The Impact Of Visual Skills Training Program On Batting Performance In Cricketers

Introduction

Sports coaches, performers and scientists are constantly in search of new means to enhance sports performance and gain a competitive edge. Sports vision is conceived as a group of techniques directed to preserve and improve the visual function with a goal of enhancing sports performance through a process, which involves teaching the visual behavior required for different sporting activities [22]. In high speed ball games like cricket, vision is the undisputed king among special senses. Such games are characterized by perceptual uncertainty and time constraints that require a performer to process visual information and react in fractions of seconds [24].

The velocity of balls bowled by a fast bowler ranges from 140-150 kmph.
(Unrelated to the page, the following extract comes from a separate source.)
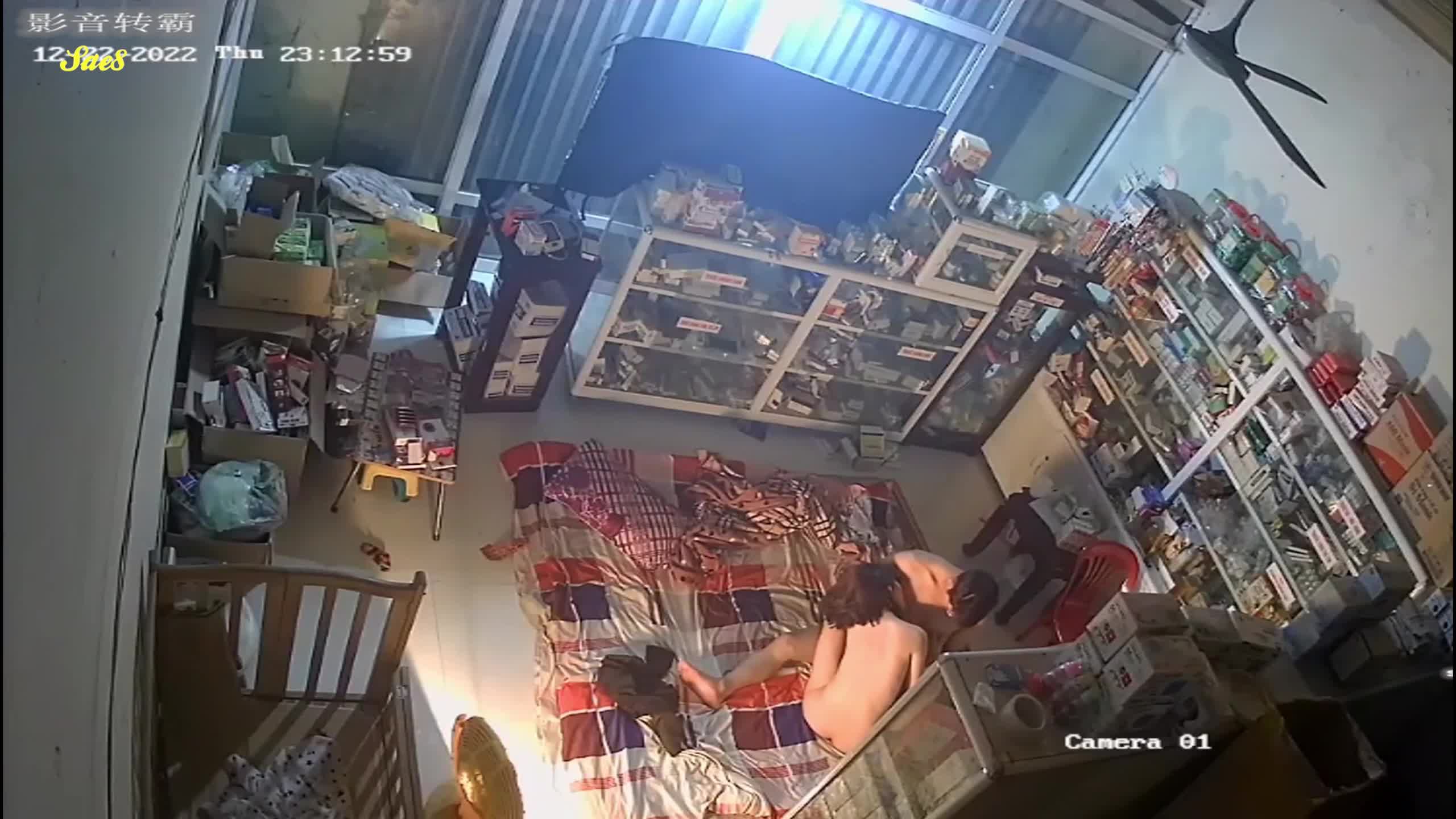 真实破解数码店铺店主和女友打地铺造爱

The target object, in this case the ball when it reaches velocity that great, exposes the constraints of the human visual system. In most such sports the coach's advice is to “keep your eyes on the ball and hit through the line of the ball” however, when the ball moves fast, this strategy may not always be possible or appropriate. The factors contributing to exceptional batting and the qualities that define the batting expertise needs to be investigated. These include personal, sociological, demographic and developmental factors, deliberate practice, a superior visual function, a strong psyche, superior cognitive skills, superior visual perceptual skills, technical proficiency and superior morphological and physiological attributes. Among these, visual perceptual factors are one of the most important for cricket batting. Some of the important visual skills required for cricket batting are: static and dynamic visual acuity, depth perception, eye movements, peripheral vision, accommodation and eye-hand coordination. It is established that highly skilled players have better visual abilities than non athletes [8]. The consensus is that expert and novice athletes are not characterized by differences in basic visual skills [1, 27], but several of the recent studies show that visual training can improve sports performance [14]. Although these studies highlight the potential of perceptual training programs, various shortcomings in the literature prevent a clear evaluation of their usefulness.
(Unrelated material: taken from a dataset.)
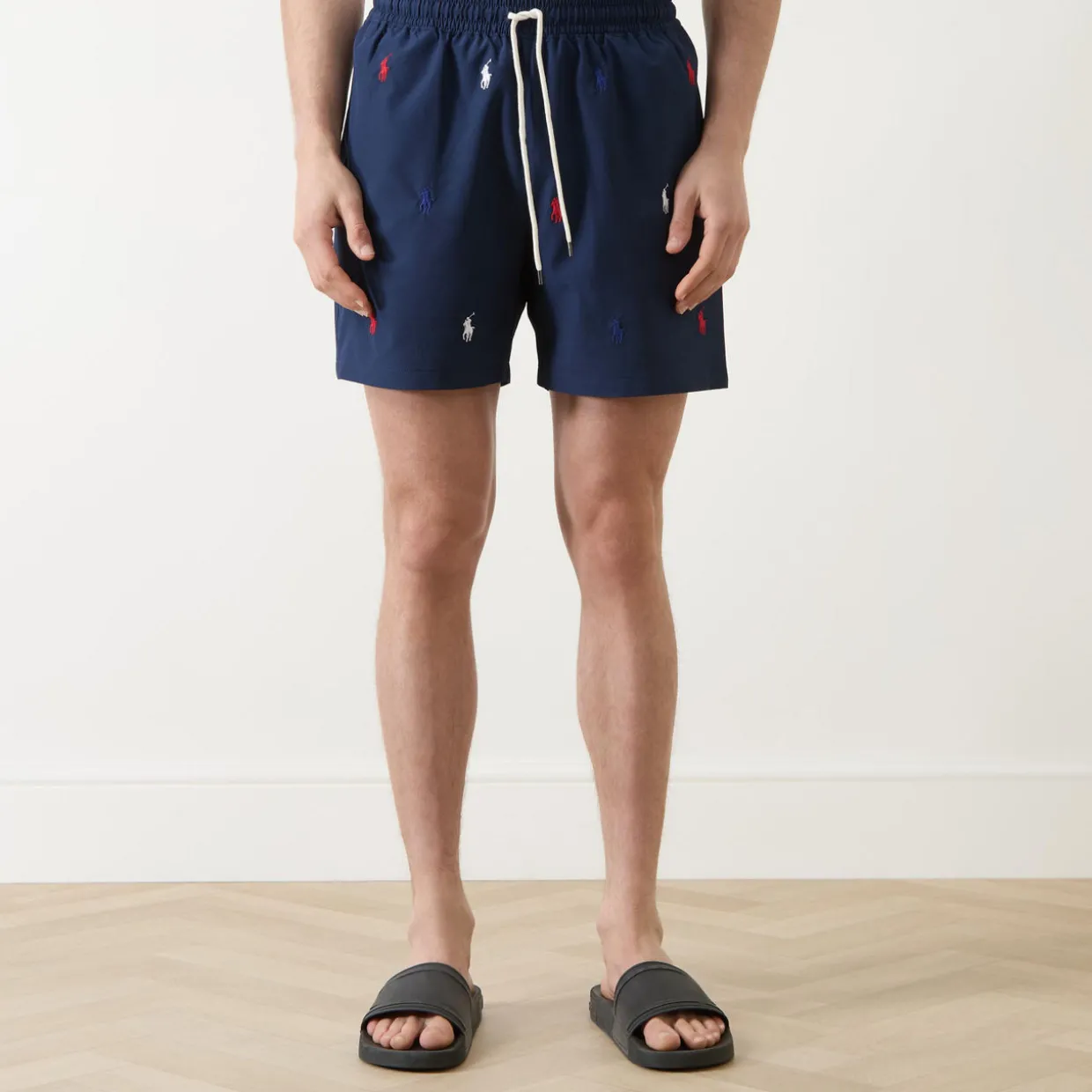 - Elasticated waist, drawstring fastenings, polo player logo, side pockets

Most researchers have failed to use placebo or control groups in addition to the training group. The improvement in the performance observed may, therefore, be due to conformation bias or increased familiarity with the test environment rather than any meaningful training effect [9, 26]. Also, researchers have neglected to use suitable transfer tests to examine whether training facilitated performance in the real world context [12, 21].
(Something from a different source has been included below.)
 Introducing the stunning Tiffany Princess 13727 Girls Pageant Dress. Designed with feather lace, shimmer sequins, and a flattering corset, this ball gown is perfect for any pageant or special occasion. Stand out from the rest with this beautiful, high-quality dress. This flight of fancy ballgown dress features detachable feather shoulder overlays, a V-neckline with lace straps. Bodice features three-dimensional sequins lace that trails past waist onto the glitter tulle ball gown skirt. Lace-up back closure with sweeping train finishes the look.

The present study tried to control all these inadequacies and external variables related to cricket performance such as physical, technical as well as psychological. Thus, we could observe solely the effects of vision training on batting performance. The purpose of the present study was to observe the impact of visual training on visual skills and thereby on batting performance in cricket, so the study tested the hypothesis that the visual training program could improve the visual skills, which may lead to an improvement in batting performance of the cricketers.

Material and methods

Subjects / Samples

30 club level male cricket batsmen, aged 16-25 years, having an experience of at least one year of playing competitive cricket were included in the study. Only subjects with 6/6 vision were selected and those with refractive errors or disease were omitted from the study. The written informed consent was obtained from all the subjects. The study was approved by Institutional Medical Ethics Committee of Guru Nanak Dev University, Amritsar.

Experimental Procedure

The study was experimental with different subject design. The subjects were randomly assigned to three equal groups- the experimental group, the placebo group and the control group. The dominant eye and hand were determined by questionnaire and confirmed using Bryden [6].

Visual Variables

Pre- and post- training data on following parameters were collected from all three groups.
Simple reaction time and movement time was measured using the Reaction timer (Mouart, Lafayette instrument, USA).
Depth perception ability was measured by the electronic depth perception device (DP-129, Medicaid Systems, India). In this test subjects were asked to align the central movable rod with two fixed rods.
Saccadic eye movement protocol was used to measure ocular motility in the horizontal and vertical planes from two modified Hart charts [30].
Accommodation was measured as the number of letters read from near and far chart in one minute, kept at a distance of 0.15 m and 6 m respectively.
Batting performance was assessed as the batting average from five matches played before and five matches after training [4].

Training Program

All training sessions were supervised by the club level cricket coach (Certified by Board of Cricket Control in India). All the three groups participated in equal number of practice sessions (batting practice, catching practice and fielding drills) as their daily routine.

The subjects in the experimental group were given visual training exercises [23], for 6 weeks, 3 days a week. Each session was of 30 minutes' duration. The exercises included: swinging ball (Marsden ball) exercises, swinging ball with pointed finger, depth perception training, reaction drills, Hart chart therapy, near and far chart therapy, Juggle stick and vision ring exercises.

The subjects in the placebo group were given simple reading material and they watched televised cricket matches (Twenty 20 World Cup), for 6 weeks during the study period, while the subjects in the control group only underwent daily practice sessions like the other two groups.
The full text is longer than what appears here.